The Frobenius problem \cite{brauer1942,frobenius1912} is to find, for a given
set $a_1,\ldots,a_m$ of relatively prime integers, the largest number which is
\emph{not} a linear combination of $a_1,\ldots,a_m$ with nonnegative integer
coefficients.

Given a set $a_1,\ldots,a_m$ of relatively prime positive integers, let us
agree to call a number \emph{representable} if it is a linear combination
of $a_1,\ldots,a_m$ with nonnegative integer coefficients; otherwise we
call it \emph{nonrepresentable}.

The fact that every sufficiently large positive integer is representable
(given relatively prime $a_1,\ldots,a_m$) has been rediscovered many times,
and makes a good exercise in a course in elementary number theory.

The Frobenius probelm has a long history. (See \cite{selmer1977} for
a list of references.) In 1884, J. J. Sylvester \cite{sylvester1884}
completely solved the problem for $m=2$. He found that if $a$ and $b$
are positive integers such that $(a,b) = 1$, then every $n\geq(a-1)(b-1)$
can be expressed in the form $n = xa + by$ where $x,y$ are nonnegative
integers, and $ab - a - b$ cannot be so expressed. That is, the largest
nonrepresentable number in this case is $ab - a - b$. Sylvester also
found that among the $(a-1)(b-1)$ numbers $0,1,2,\ldots,ab-a-b$,
exactly half are representable and half are nonrepresentable.
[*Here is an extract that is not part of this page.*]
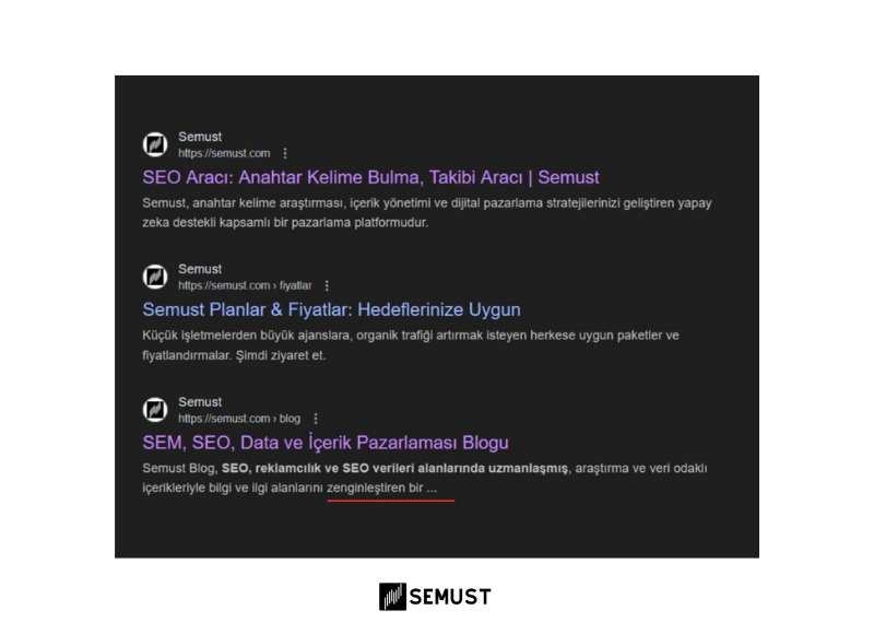 Bütün SEO sürecinizi tek bir platformla yönetmek için Semust SEO platformuna ücretsiz üye olabilirsiniz. Dilerseniz organik trafiğinizi arttırmak için bu rehberi okumaya devam edebilirsiniz.

When $m = 3$, no closed-form expression for the largest nonrepresentable
number is known (except in some special cases), although there do exist
algorithms for calculating it.

In the general case, various upper bounds are known for the largest
nonrepresentable number, and closed-form expressions are known in a few
special cases, for example, in the case that $a_1,\ldots,a_m$ are in
arithmetic progression \cite{bateman1958,roberts1957}.

In this note we consider an aspect of the case $m=2$ which seems not
to have been examined previously. We start by defining two notations.

For given $a,b$ with $(a,b) = 1$, let $\NR(a,b)$ denote the \emph{set}
of numbers nonrepresentable in terms of $a,b$. Thus, $\NR(a,b)$ is the
set of all those nonnegative integers $n$ which \emph{cannot} be
expressed in the form $n = ax + by$, where $x,y$ are nonnegative
integers. Let
\[ S(a,b) = \sum\{n:n\in \NR(a,b) \} \]
equal the \emph{sum} of the numbers nonrepresentable in terms of $a$
and $b$.

Although Sylvester showed that exactly $\frac12(a-1)(b-1)$ of the numbers
$0,1,2,\ldots,ab-a-b$ are nonrepresentable, that is that
\[ |\NR(a,b)| = \frac12(a-1)(b-1), \]
additional information about the nonrepresentable would be provided by an
estimate of their sum $S(a,b) = \sum\{n:n\in \NR(a,b) \}$.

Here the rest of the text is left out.